I use to cook this for him in our tiny NYC apartment that had a kitchen no bigger than a bathroom stall.
My husband loved this meal so much it became the dish I made whenever we had a reason to celebrate him. The dish is not fancy by any means, it's more like comfort food.
I remember making it for him when he landed his dream job at the NHL, for our one year anniversary, as the first home cooked meal in our new house, and for so many other life events.
Fifteen years later, I still make this dish for him; not so much on special occasions anymore, but as a throwback to all those memorable moments we shared.
- 1 package of chicken breast (about 3-4 pieces)
- 3 bell peppers (1 red, 1 orange, 1 yellow)
- 1 onion
- 1/4 cup pitted black olives sliced in half
- 26.46 oz. box of Pomi strained tomatoes or puree your own using San Marzano plum tomatoes
- 1 tablespoon olive oil
- 1 tablespoon butter
- 2 tablespoons white wine (red wine, broth or water is fine too)
- 1/2 tsp oregano
- 1/2 teaspoon garlic powder
- pinch of sugar
- salt and pepper to taste
- Clean and slice chicken into medium size pieces.

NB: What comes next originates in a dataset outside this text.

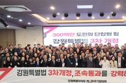 한방통신사 신유철기자 기자 | 강원특별자치도 범국민추진협의회(협의회장 최양희, 추진단장 김천수)가 11월 21일 11시, 춘천 스카이컨벤션 2층 컨벤션홀에서 강원특별법 3차개정 조속 통과 촉구 결의대회를 개최했다. 당초 정기총회를 개최할 예정이었으나 어제(11월 20일) 국회 행정안전위원회 법안소위에서 강원특별법 3차 개정이 논의가 불발되자 긴급 행동에 나섰다. 이날 결의대회에는 범추협 위원들을 비롯해 고문직을 맡고 있는 김진태 도지사, 김시성 도의회 의장 등 200여 명이 참석하여 조속 통과를 촉구하는 목소리를 높였다. 최양희 협의회장은 “오늘은 강원특별자치도의 성과를 함께 축하하는 날이 돼야 했지만, 어제 행안위에서 3차 개정을 또 미루는 바람에 오히려 우리의 결의를 더 크게 보여줘야 하는 날이 됐다”라며, “각 지역에서 올라오신 위원 여러분의 지혜와 네트워크가 어느 때보다 절실하다”라고 말했다. 김진태 강원특별자치도지사는 “3차 개정안이 처음 국회에 올라간 게 작년 9월인데, 1년이 넘도록 단 한 번도 심사를 하지 않았다”라며, “5극 3특을 강조하면서 특별자치도 법은 시간이 없다고 국회 심사가 미뤄

Season chicken with salt, pepper, oregano and garlic powder.
- Melt 1 tablespoon of butter in a large skillet with olive oil.
- Sautee chicken in the pan on medium to high heat until chicken is golden brown (about 6-7 minutes).
- Remove chicken from pan set aside.
- Deglaze pan with wine.
- Add peppers and onions to the pan. Season with salt, pepper, oregano. Sautee for 5 minutes.
- Add strained tomatoes, season with salt, pepper, and garlic powder. Sprinkle sugar over tomatoes. Add remaining butter.
- Cook for 2-3 minutes.
- Add chicken back to the pan. Mix well.
- Stir in chopped black olives.
- Cook on medium/low heat for 20-25 minutes until peppers are softened and flavors are combined.
- Serve over white rice or with a baguette.